On passe la nuit au ponton d’accueil mais on ne peut pas y rester, pas plus que dans la marina, c’est comme ça ici, la marina n’est pas faite pour les navigateurs, bon, on nous laisse faire le plein d’eau et prendre une douche (parce les douches sur la jupe en navigant, c’est de l’histoire ancienne, bien qu’il soit arrivé une fois que le capitaine s’y aventure avec force cris agua fresca ! agua fresca !) avant de se déplacer dans le mouillage juste en face, le matin on voit passer les chalutiers qui reviennent de pêcher :
Portimão est réputé pour ses plages, mais ça fait un peu Miami, surtout après 6 jours de mer qui coupent du vrai monde, en plus je dis au capitaine que c’est très surprenant qu’il fasse aussi frisquet début mai au sud du Portugal, je m’étais attendue à des températures plus clémentes mais que non point, on se pèle.

Comme le capitaine veut voir le Cap St Vincent de l’intérieur, nous louons une voiture pour nous y rendre, fouettons cocher le cœur joyeux, sur la route apercevons plein de nids de cigogne avec des petits, des cigognes ! que je crie, le capitaine pile, demi-tourne, nous ne le savions pas mais nous traversons la zone protégée de la Ria de Alvor qui est un lieu d’observation privilégié des cigognes blanches, aux innocents les mains pleines !

Nous passons par Sagres qui se trouve sur la route, ville bien connue des surfeurs tout comme les spots de Supertubos, Coxos, Carcavelos, Costa de Caparica, Praia do Norte et j’en passe, Supertubos étant réputée car il s’y déroule le Rip Curl Pro Portugal, compétition qui fait partie de la World Surf League, sans oublier Praia do Norte, située au nord de Nazaré, paradis des surfeurs à la recherche de vagues gigantesques, hélas on ne s’y arrêtera pas puisque notre retard, mais le capitaine m’a promis qu’on irait quand nous serons sur le chemin du retour … Entre Sagres et le Cap St Vincent se trouve la plage de Beliche, autre spot bien connu pour son wedge (ou shore break, vague de bord) qui est une vague qui déferle près du rivage de manière soudaine et puissante en créant un mur d’eau très raide et parfois tubulaire, mais aujourd’hui c’est bien calme et il y a même des voiliers qui y sont mouillés, le capitaine y avait prévu une escale, rayée de la carte depuis, comme tant d’autres.

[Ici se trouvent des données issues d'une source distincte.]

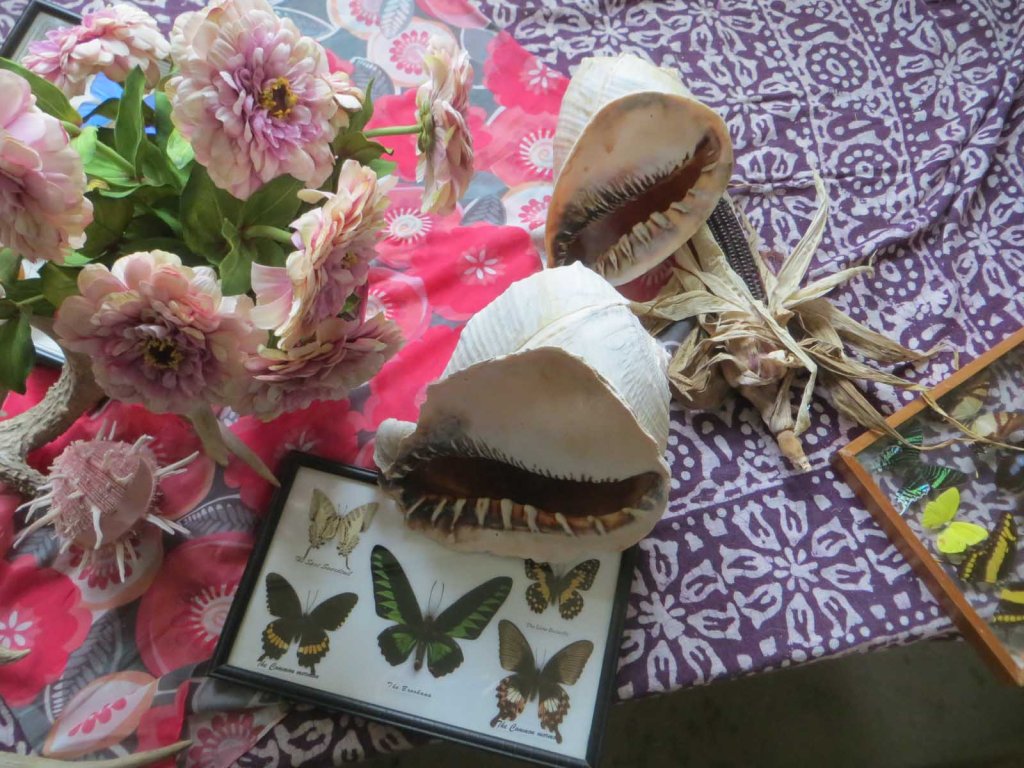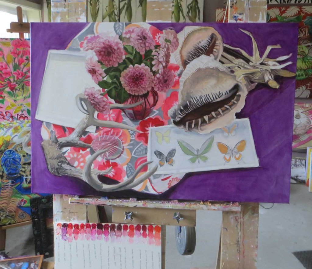 Another very dark, gloomy day out here in northern Michigan. It’s kind of surprising to see how dark-looking the shadow size of the zinnias are. They were a lucky junk-shop find last summer, made of “silk”. I also started mushing-in the butterflies. It was harder than you’d think. And don’t get excited about the purple background. It’ll have a lighter design to it (see below).
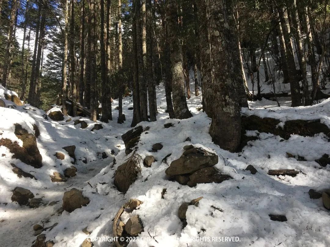 走到垭口处,上面有很厚的积雪覆盖,这时已经穿上冰爪防滑了。没想到我还是第一小分队,那可以自豪的给大家分享点爬升技巧了:一定要有目标,让自己爬到某个地方再休息,休息一下缓过来就走,这样才能保持速度,走几步就歇息速度就会很慢,而且歇息得越久越不想走。
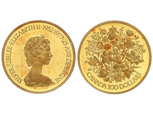 CANADÁ. 100 Dollars. 1977. 16,89 grs. 25 aniversario reinado Isabel II: Flores. En estuche original algo detriorado, manchitas. Fr-8; KM-119. PROOF.
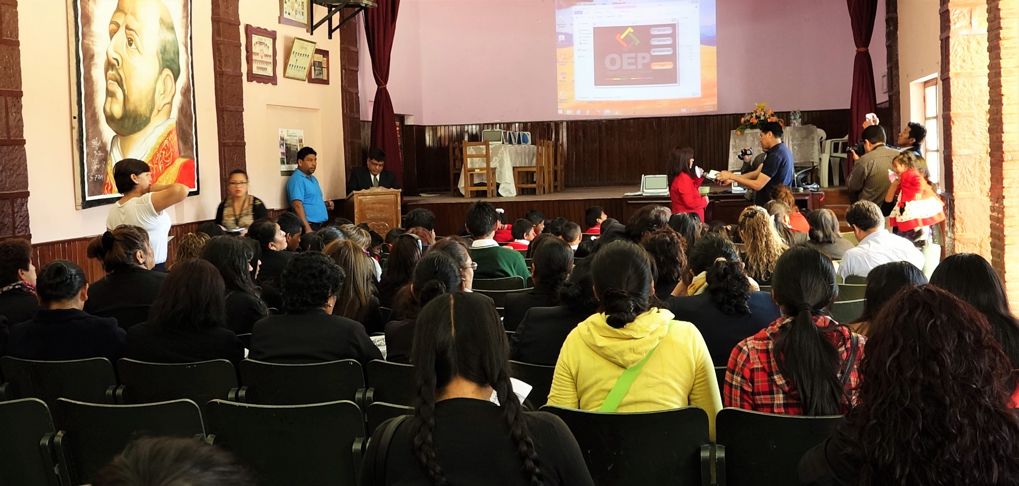 La unidad Educativa Loyola de Fe y Alegría, junto al Tribunal Electoral Departamental (TED) de Chuquisaca, presentó este miércoles el videojuego “Yo juego en la Democracia”, destinado a niños y niñas del nivel educativo primario, para que puedan conocer y aprender sobre los valores democráticos que se ejercen en Bolivia.
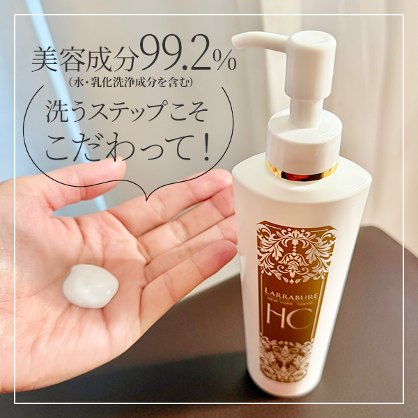 ララビュウ開発者の女性は、美容好きが高じてアメリカの名だたる皮膚専門家たちのカウセリングを受け、皮膚科学会に参加するなど精力的に活動。培った知見をもとに、「日本人はもっと洗顔に意識を向けるべき」と、こだわりの製品を生み出しています。ララビュウ「HCモイスト クリア ミルククレンジング」には、エイジングケア**が気になる世代のあいだで話題のNMN*を配合。
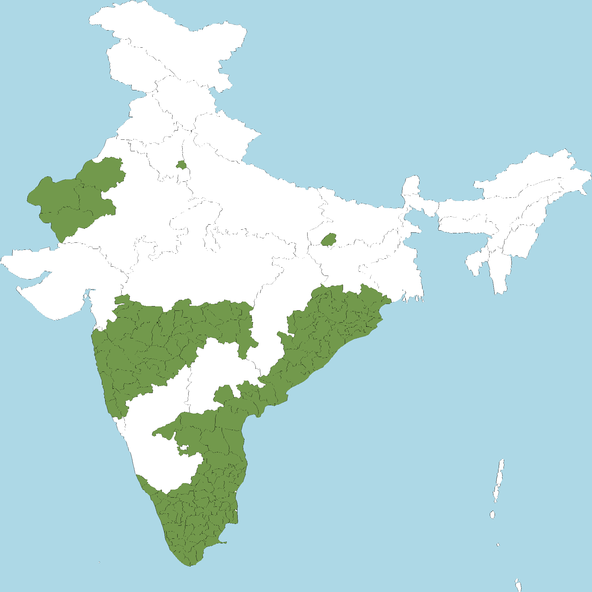 - Andhra Pradesh : Anantapur district, Chittoor district, Y.S.R. Kadapa district, East Godavari district, Guntur district, Krishna district, Kurnool district, S.P.S. Nellore district, Prakasam district, Srikakulam district, Visakhapatnam district, Vizianagaram district, West Godavari district
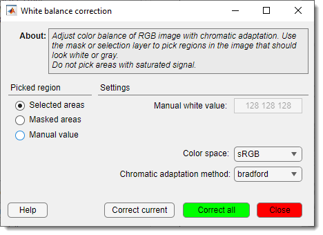 dropdown, with options Bradford, von Kries, or simple.Select the correction scope using the
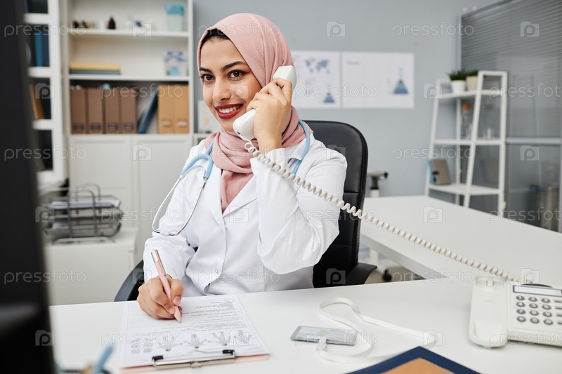 Веселый медицинский работник в платках, звонящий пациенту
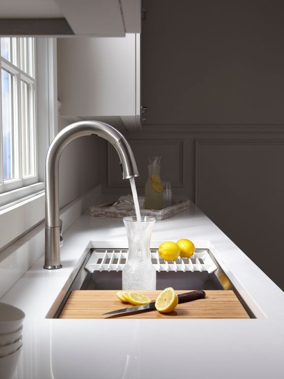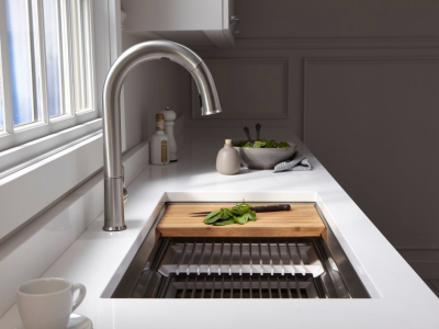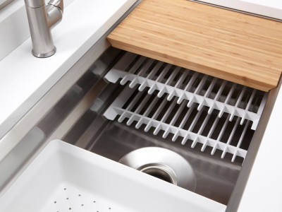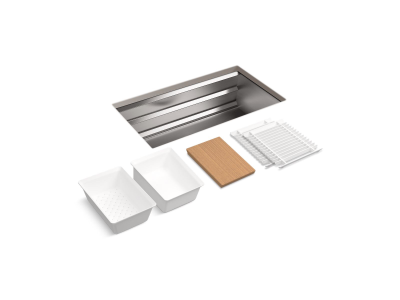 Create a highly functional kitchen workstation with the KOHLER® Prolific sink and its included accessories. This innovative stainless-steel undermount kitchen sink features three graduated ledges in the basin, so you can place the bamboo cutting board, multipurpose grated racks (two), colander, and wash bin exactly where you want them for maximum efficiency as you work. The sink comes with all five accessories included. Other features include a unique cone-shaped drain for easier cleanup and SilentShield sound absorption for less noise.
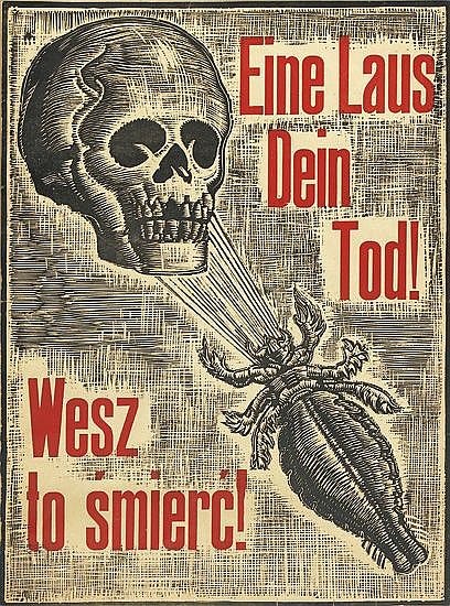 Above: German Concentration Camp poster warning against lices: “One lice can be your death!”, written in Polish too, since Poland housed the most amount of Jews and they only knew Polish.
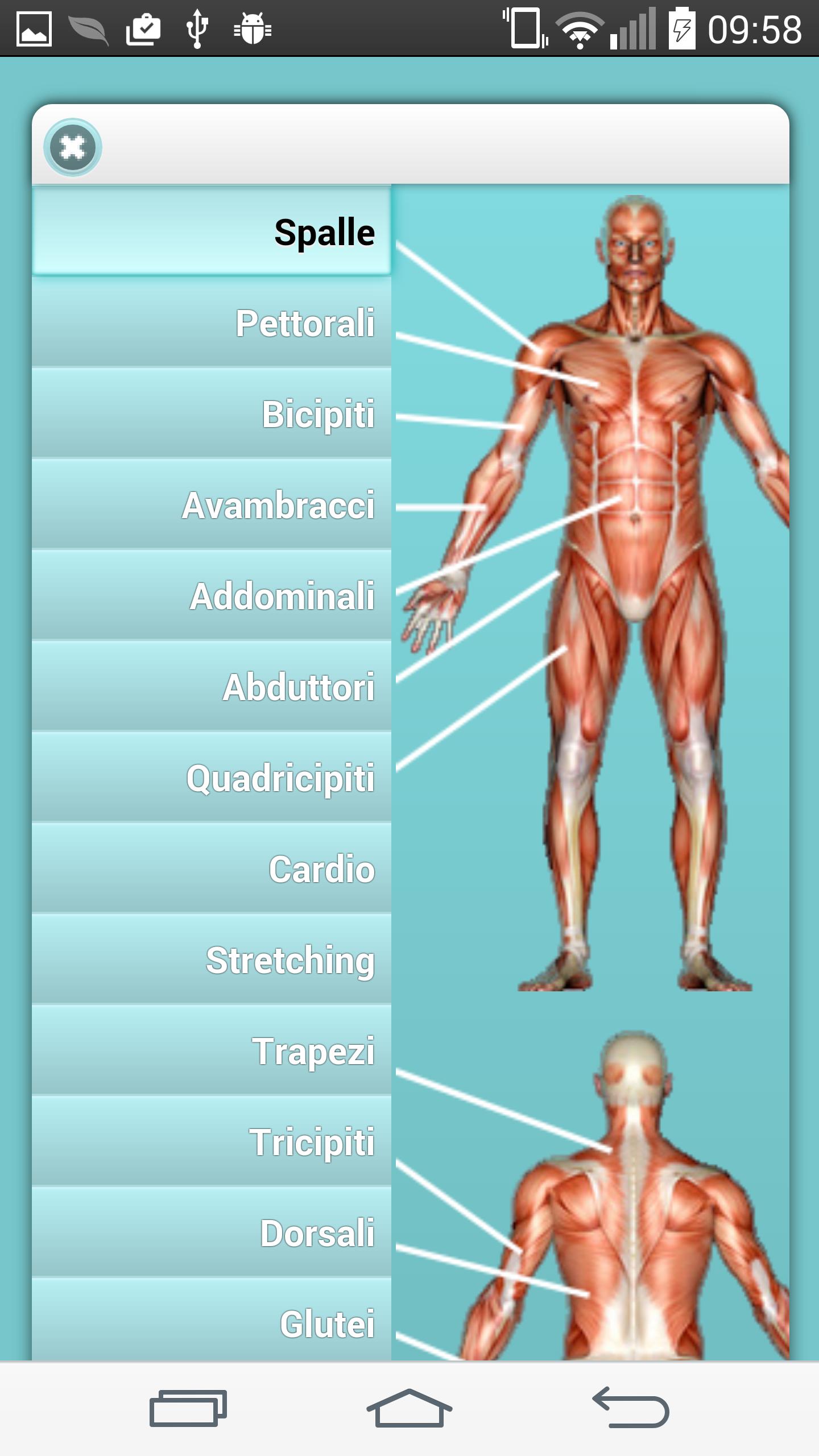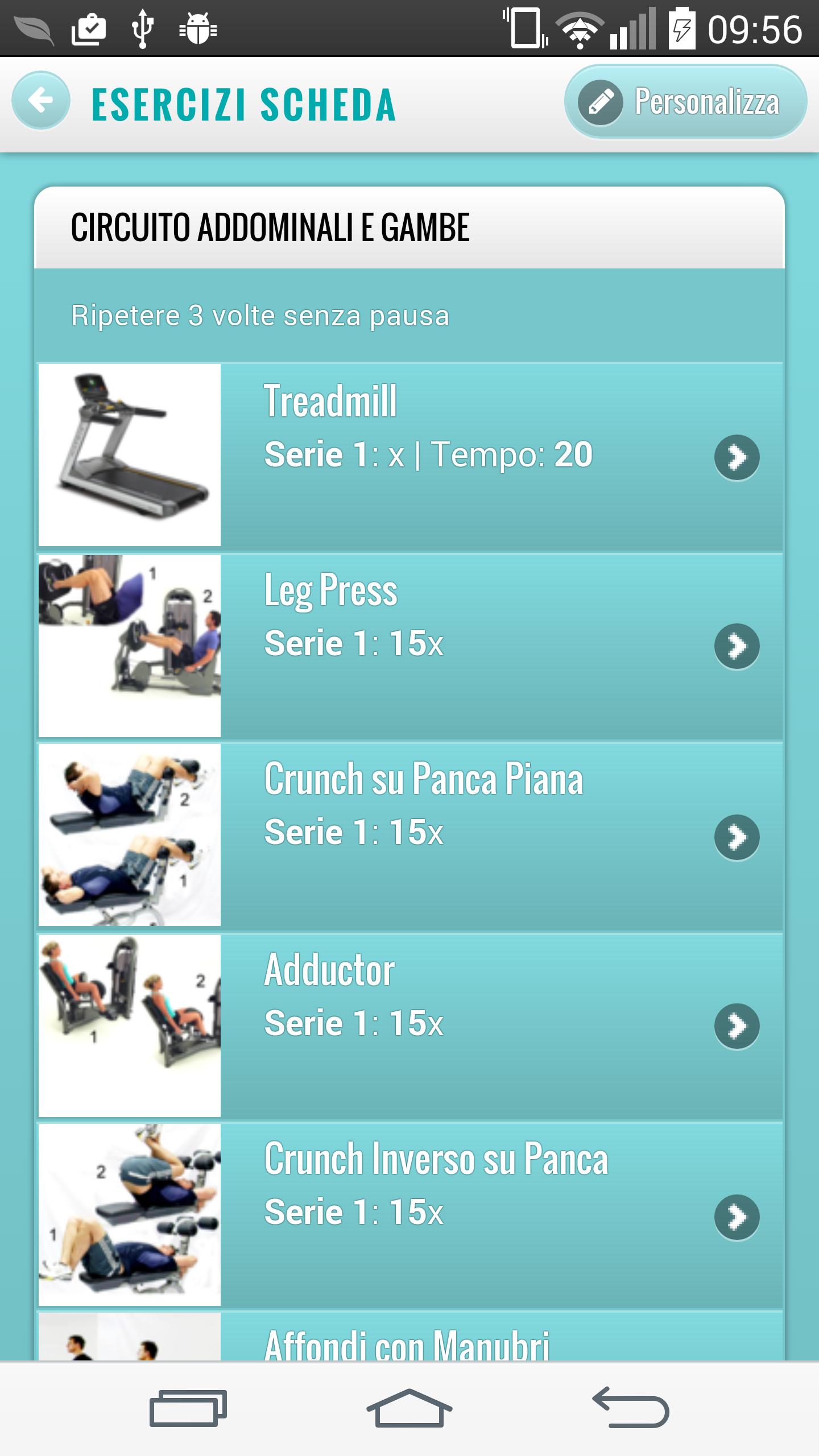 Library of 200 exercises selectable by name, muscle group or tool.
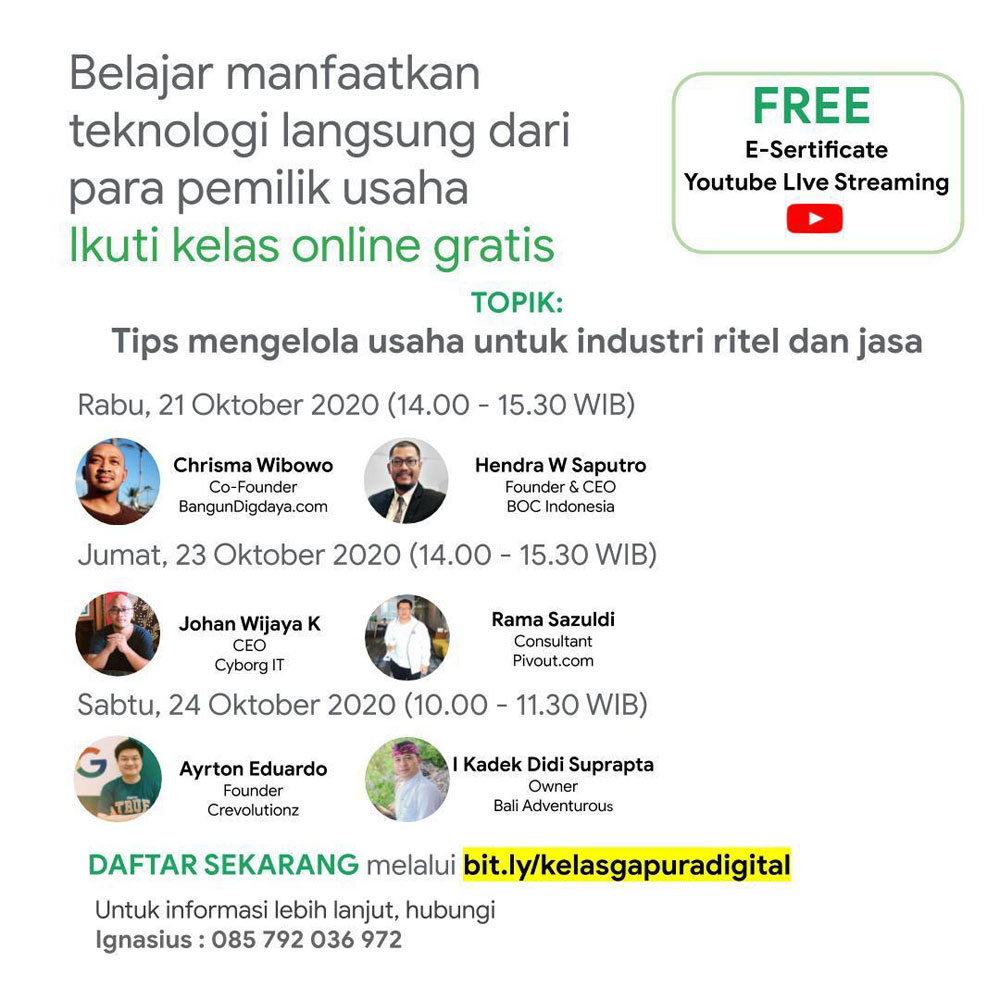 Dulu, program Gapura Digital terselenggara secara offline di 14 kota seluruh Indonesia. Salah satunya di Denpasar tempat penyelenggaraan Gapura Digital Bali yang kickoff pada 5 Agustus 2017. Sekarang, jaman pandemi corona per 21 Oktober 2020 kelas nya online live streaming.
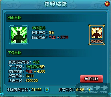 三、药阁功能1、学习药阁技能所有对药阁建设作出贡献的玩家都可通过药阁学习炼体技能,升级炼体技能可大幅提高人物基础气血。
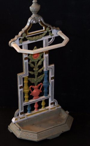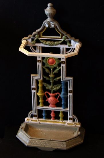 Circa 1900 a pretty cast iron stick/umbrella stand Circa 1900 a pretty and practical cast iron umbrella/stick stand. This lovely item features a removeable drip tray with a pierced fret back of jardinere and foliate design surmounted by a ribbon swag and urn. Excellent condition having been painted at some point during its life. Height 29" Width 14" Depth 7.5" £225 (Ref:MISC218) Email Us for a delivery quote : Click Here
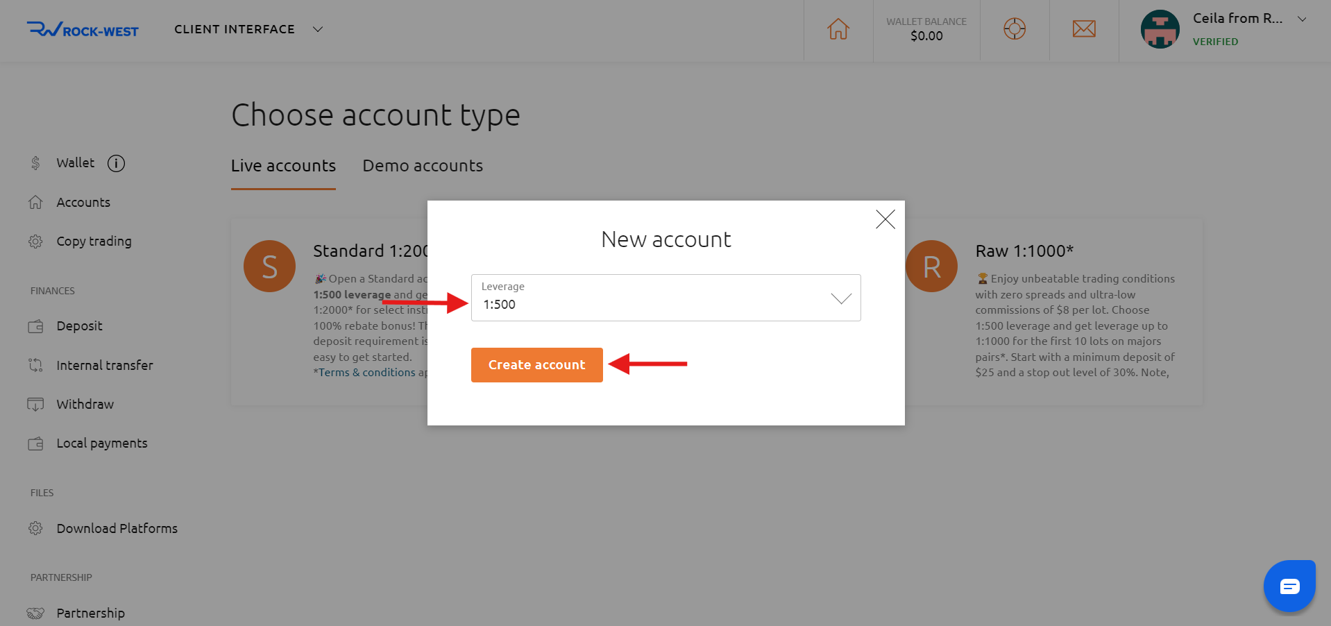Select the appropriate Leverage - The following Leverages are available for Raw accounts; 1:100, 1:200. 1:300, 1:400

Les falaises du coin sont splendides, on voit le phare du Cap St Vincent au loin :

Et on va le voir de près :

Et le 7 mai de bon matin, tout requinqués, nous quittons Portimão, sans vent, donc moteur, le baromètre indique 1008.2 Hpa (pression atmosphérique légèrement supérieure à la normale, ce qui est souvent associé à un temps généralement stable et ensoleillé ou à des conditions météorologiques calmes, mais cela peut aussi varier), je ne vous le précise pas à chaque fois mais le capitaine note très régulièrement la pression atmosphérique sur son journal de bord, nous longeons les falaises de Lagos,

passons le Cap St Vincent,

et retrouvons du vent, mais guère, hissons les voiles et remontons plein nord au près bon plein sans se presser.
Après le déjeuner, le capitaine a un coup de mou et s’en va faire une sieste bien méritée, à chaque fois que je lui dis que c’est bien mérité il proteste, il ne mérite jamais rien à l’en croire, moi je vois bien tout ce qu’il trafique et règle et prévoit, il est brave, bien brave et bien méritant, mais à peine allongé voilà qu’il se relève avec une tête de quelqu’un qui vient d’être témoin du pire, les yeux quasi exorbités il me pousse contre la cloison, tire la descente dans un geste désespéré pour voir le moteur et se met à crier comme s’il venait de se péter le petit orteil dans le pied de la commode de grand-mère,
– quoi ?! qu’est-ce qu’il y a ?!
– j’ai oublié de remettre le bouchon après la mise à niveau d’huile !!!!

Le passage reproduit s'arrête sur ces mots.